Aurél Emil Stromfeld (19 September 1878 – 10 October 1927) was a Hungarian general. He was the Colonel General of the Austro-Hungarian General Staff and Chief of the General Staff of the Hungarian Red Army during the Hungarian Soviet Republic. He graduated from the Ludovika Academy in 1896, then studied at the Vienna Military Academy until 1905. After serving as a troop officer in Igló, he became a lecturer at the Ludovika in 1907. In 1913, he was appointed the first professor of the Ludovika. In the First World War he served on the Serbian front, where he led the evacuation of Belgrade, and was then posted to the Eastern Front. After the Russian surrender he was sent to the Italian front. There he was caught up in the military collapse of 1918, after which he returned home with the troops he could keep together.

He was an exceptional military talent. He took command of the army of the Soviet Republic.
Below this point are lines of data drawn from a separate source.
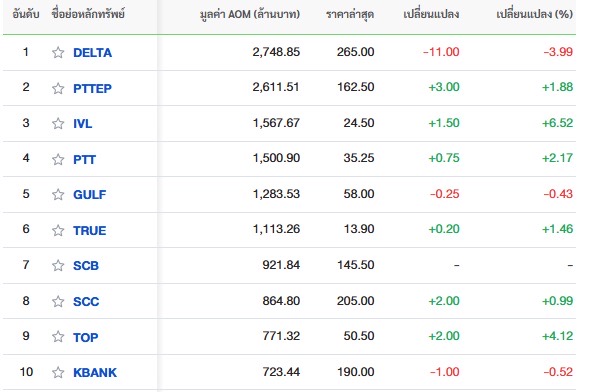 10 อันดับหลักทรัพย์ที่มีมูลค่าการซื้อขายสูงสุด
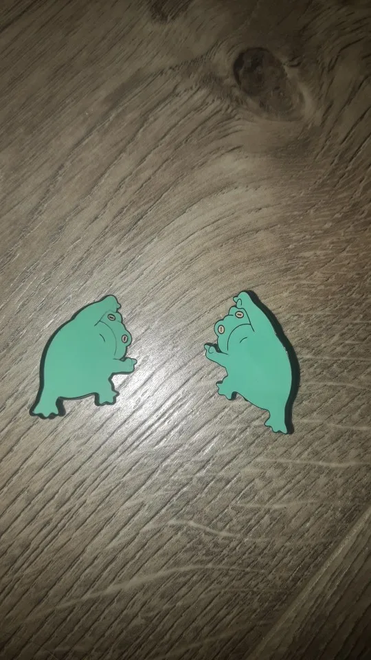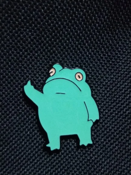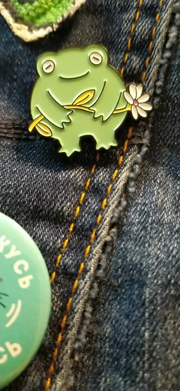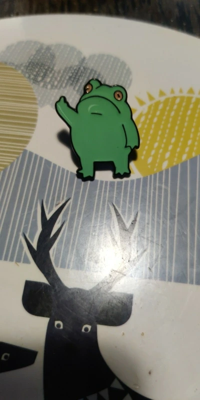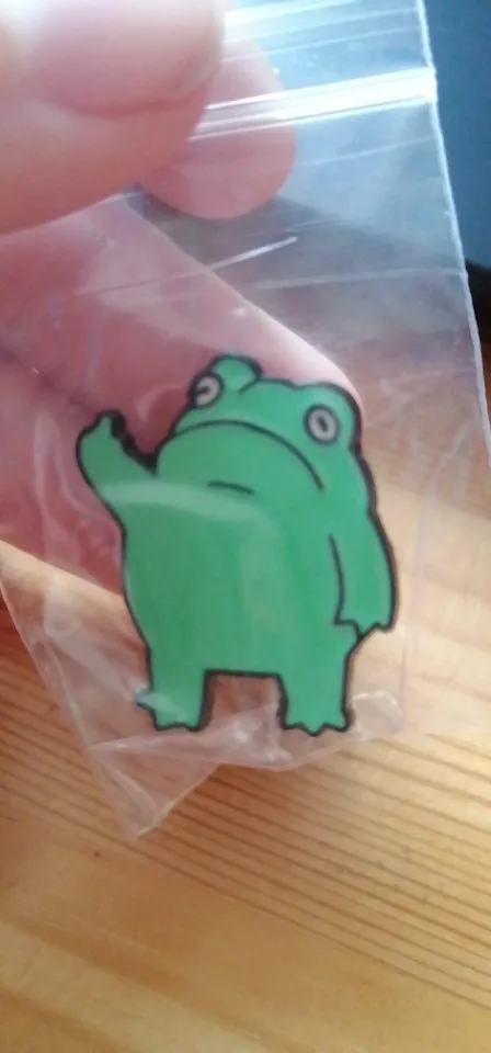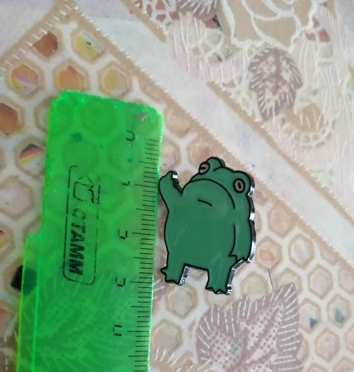 всё гуд. красивый, нежный и яркий значок. Царапин и потертостей нет. Нанесение качественное Теперь у меня есть лягушечка)
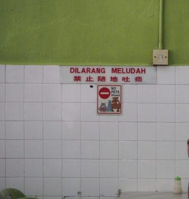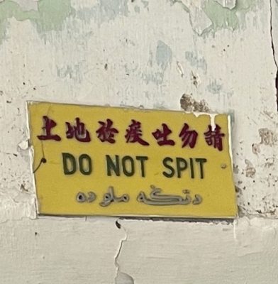我见过最多的警语是“禁止随地吐痰”,这告示牌分布西马各地,从玻璃市、槟城、安邦、太平都有,说明各地都有人吐痰;华文的排列还是由右至左的繁体字,由此可推测该警语存在于1980年前,80年代后就逐步推行简体字了。再来是语言,同时标示华文、英文、马来文、淡米尔文,甚至我还见过写爪夷文的,可见吐痰这事不分种族。
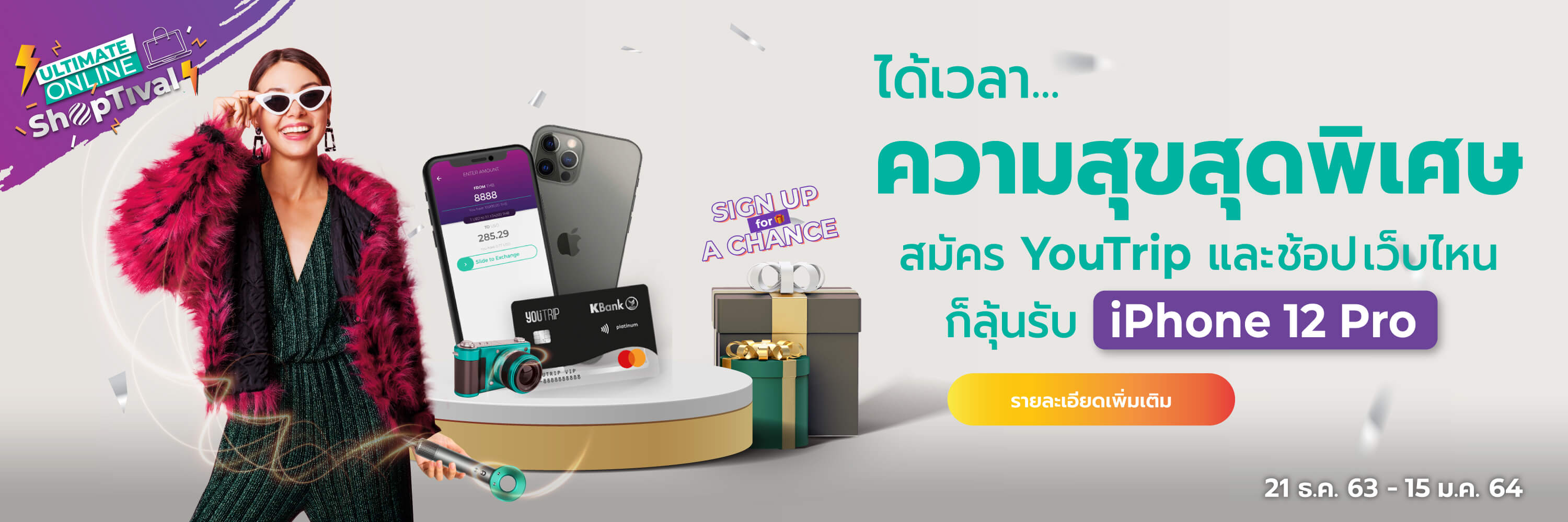 "YouTrip คือ Muti-Currency Wallet กระเป๋าเงินดิจิทัลรองรับหลายสกุลเพื่อการเดินทาง ให้สามารถใช้จ่ายสกุลเงินต่างประเทศได้ด้วยเรทที่ดีกว่า และฟรีทุกค่าธรรมเนียม เหมาะสำหรับทุกคนที่ต้องใช้จ่ายเป็นสกุลเงินต่างประเทศ โดยสามารถใช้จ่ายได้กว่า 150 สกุลเงินทั่วโลก และยังสามารถแลกเปลี่ยนเงินต่างประเทศล่วงหน้าได้ถึง 10 สกุลเงินผ่านแอปพลิเคชัน นอกจากนี้ YouTrip ยังรองรับการจ่ายเงินได้หลากหลายรูปแบบทั้ง รูด แตะ จ่าย ค่าสินค้า กดเงินสดที่ตู้ ATM ต่างประเทศ หรือ ช้อปปิ้งออนไลน์ สามารถสมัครได้แล้ววันนี้ เพียงดาวน์โหลดแอป YouTrip และสมัครใช้งานง่ายๆ ภายใน 3 นาที! สมัครเลย"
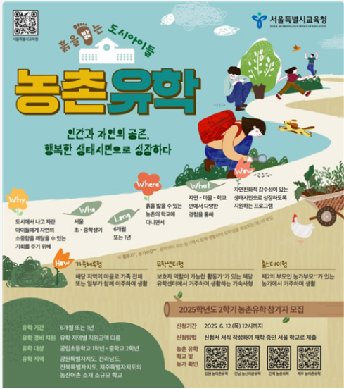 서울시교육청은 2025학년도 2학기 농촌유학 프로그램에 참여할 신규 학생을 모집한다고 1일 밝혔다. 특히 이번 신청부터는 제주도가 유학 지역으로 새롭게 포함돼 학생들 선택지가 넓어졌다.
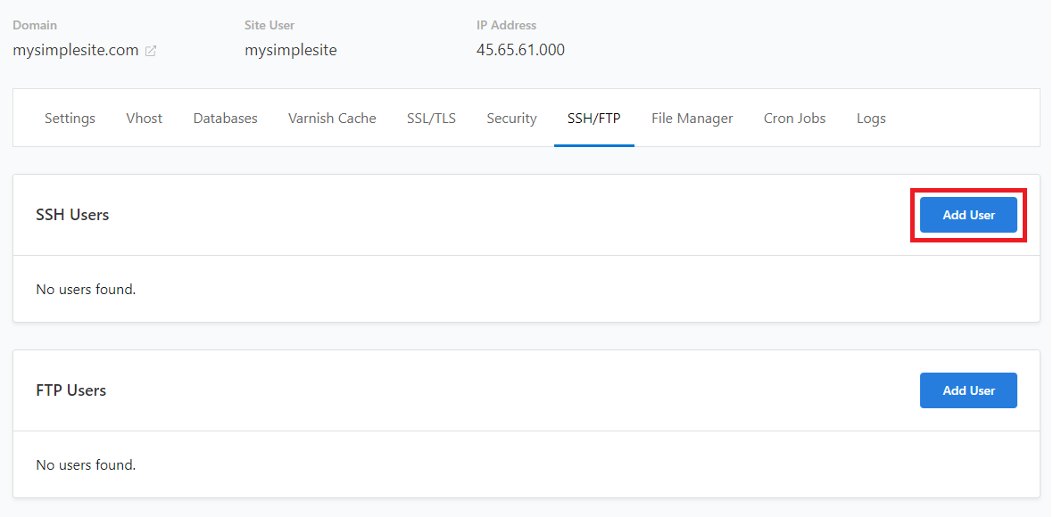 5. Then click on ‘Add User‘ in the “SSH Users” section
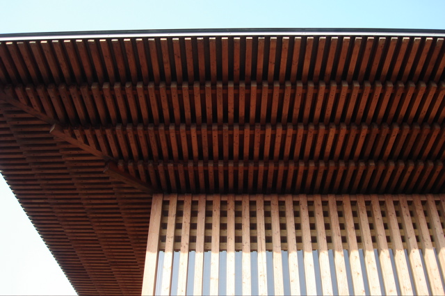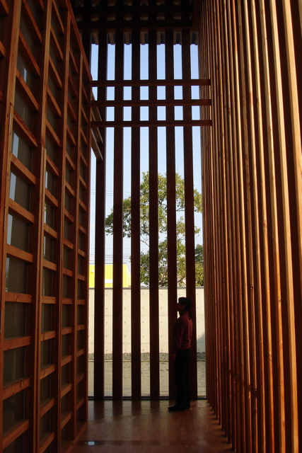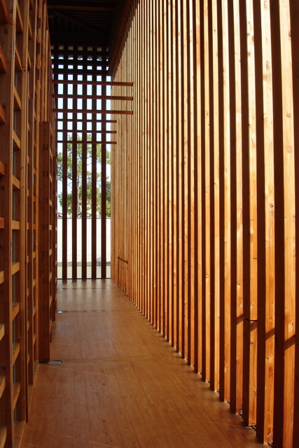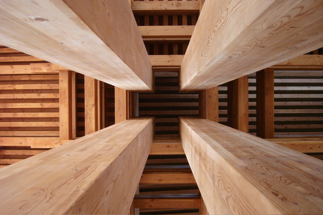 内部では、等間隔に並ぶ集成材の木立から光が飛び込んできます。
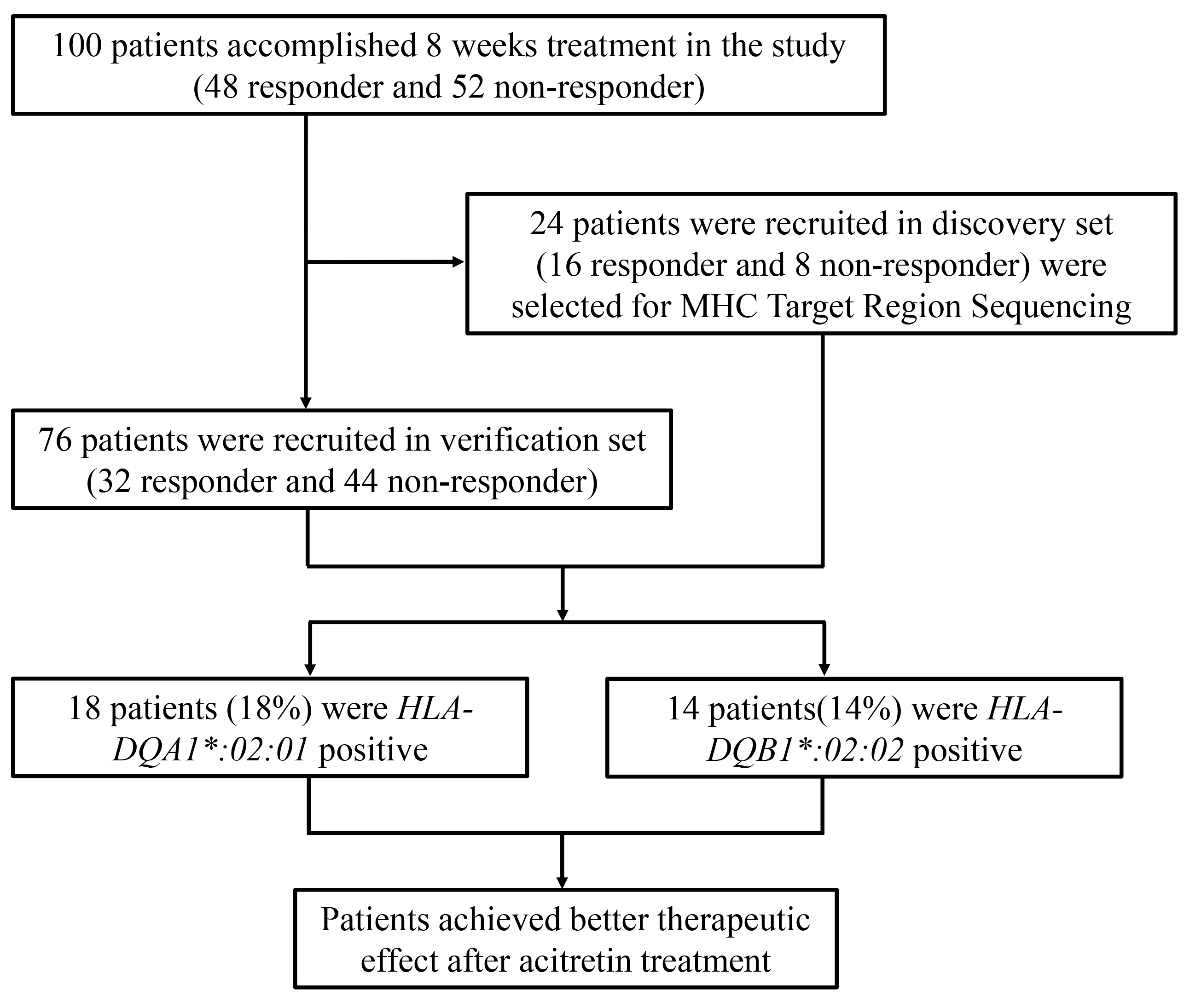 In this study, MiSeq high-throughput sequencing was used to analyze HLA typing in 100 patients with psoriasis who were treated with acitretin for at least 8 weeks. We also sought to identify the relationship between several HLA alleles and acitretin efficacy.
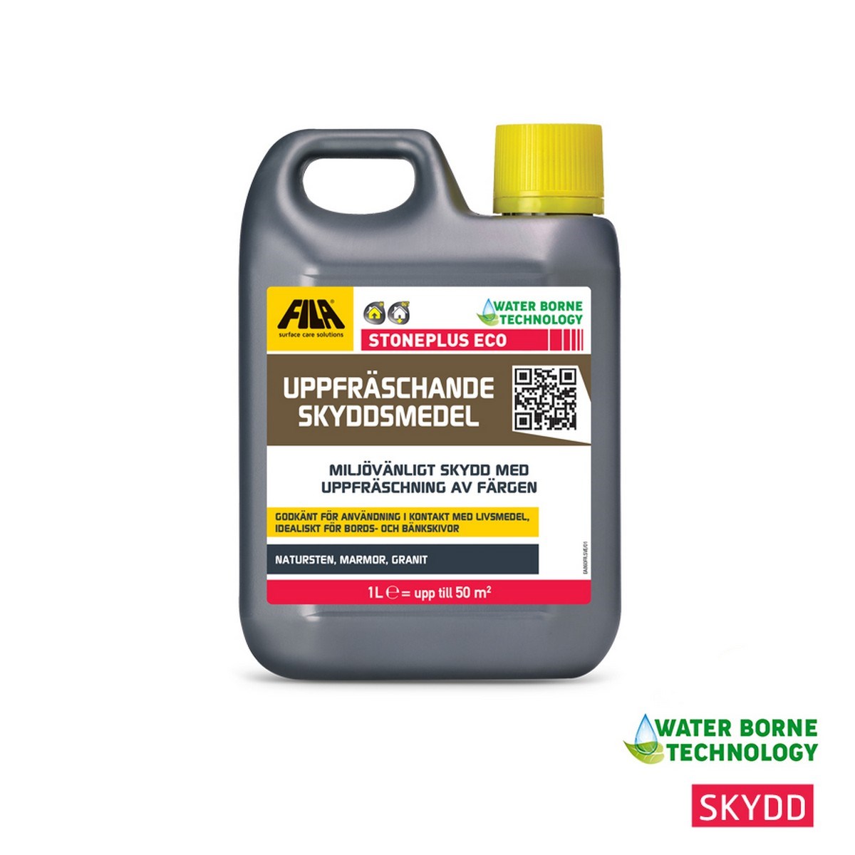 Skyddande medel med uppfräschande effekt. Skyddar och förstärker naturstens färg och utseende. Tränger djupt ned i materialet, vilket minskar absorptionen av smuts.
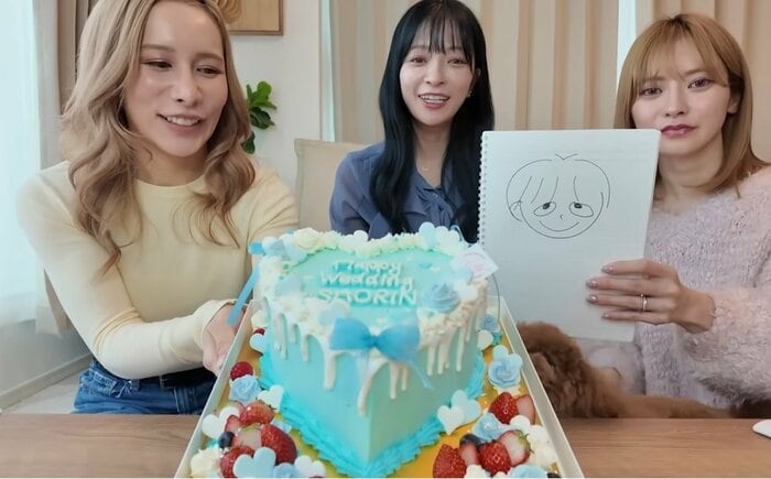 さらに、お祝いの大きなホールケーキが登場すると、「え、めっちゃ可愛い!」とテンションがあがるさおりんさん。「Happy Wedding SAOORIN」と描かれた水色をベースとしたケーキで、ふちには生クリームやバラの花、リボンなどが飾られています。ケーキの周りには、イチゴやブルーベリーなどのフルーツも添えられており、とても豪華で食べてしまうのがもったいないほど。
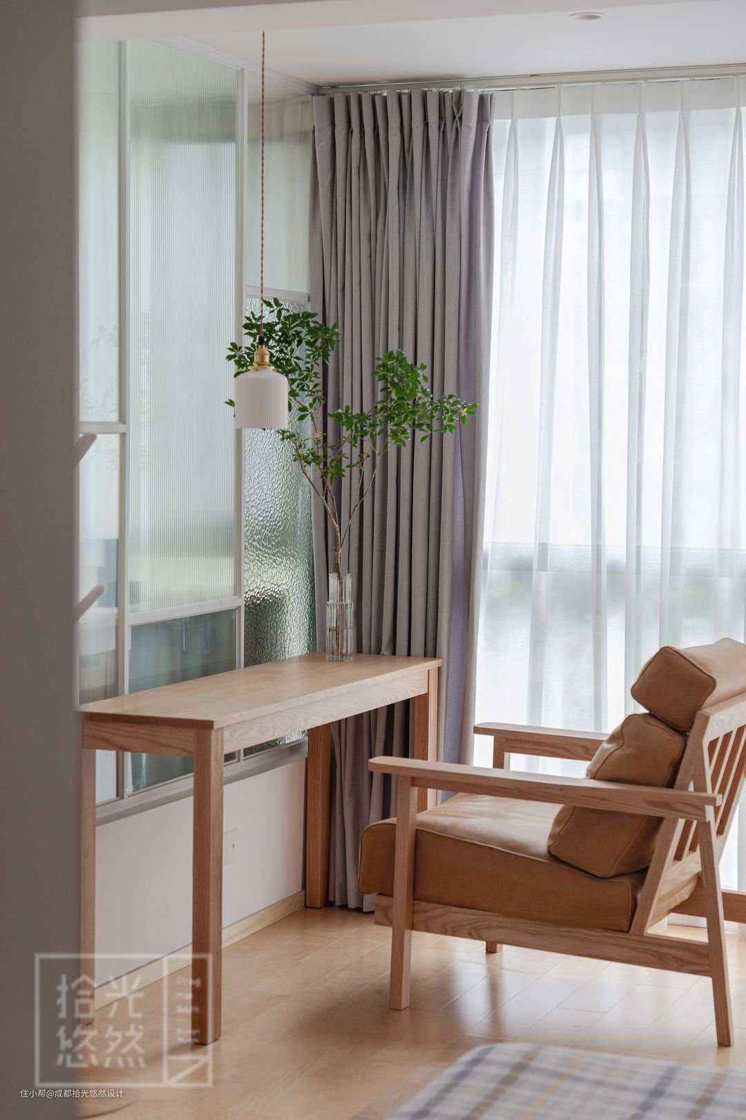 把休闲阳台分成了2块,一块作为客厅的休闲阅读区域,一块作为了主卧的书房与休闲区域,中间通过4种不同的艺术玻璃进行了隔断,透光不透明。
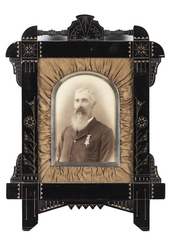 [With:] Grand Army of the Republic Veteran photo in fancy frame. Shows veteran with GAR button and membership badge. Photo max. 4 x 5-1/2 in. Max. frame approx. 10 x 14 in.
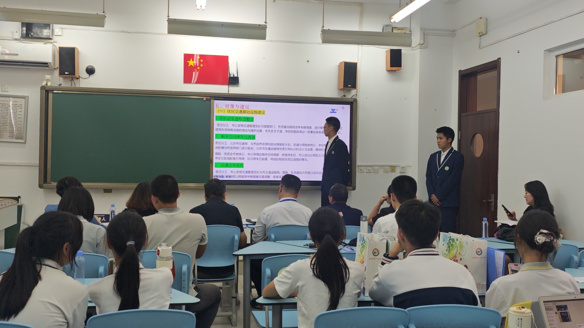 和平街高中校区高二年级孙天逸、杨浩宇、张铭轩三位同学参加了北京市朝阳区青少年模拟政协提案交流展示活动,并提交了《关于治理非机动车在机动车道行驶问题的提案》。该提案聚焦城市交通治理中的现实难点,体现了中学生对社会问题的敏锐观察和理性思考。展示过程中,周建萍副校长亲临现场,给予学生充分肯定,校长的支持极大鼓舞了学生信心。同时也展现了学校对学生实践能力与公民素养培养的高度重视。

He played a major role in stopping the advance of Czech and Romanian troops. He resigned after the adoption of the Clemenceau note.

==Youth==
Aurél Stromfeld was born on 19 September 1878 in Újpest, Hungary, as the third child of a German-origin, Evangelical intellectual family. His mother was Johanna Táborszky, and his father, János Stromfeld, was an engineer at the Schlick-Nicholson factory. His maternal grandfather was a railway engineer, his uncle was a mechanical engineer, and his mother's uncle was an architect. His brother, János Somfai, was a socialist journalist, and his great-nephew, Dávid Somfai Kara, was a turcologist and mongolologist.

Aurél's father died when he was six years old, and his mother lived with her family, mostly women, in Újpest, where they had bought a house with the severance pay from his father's workplace. After completing four years of elementary school, Aurél attended the Markó Street High School, where he also spent only four years. Despite coming from a family of engineers, his family wanted him to become a doctor. However, the family's finances were depleted, and they could not afford to educate Aurél, even though he was a good student and enjoyed free tuition.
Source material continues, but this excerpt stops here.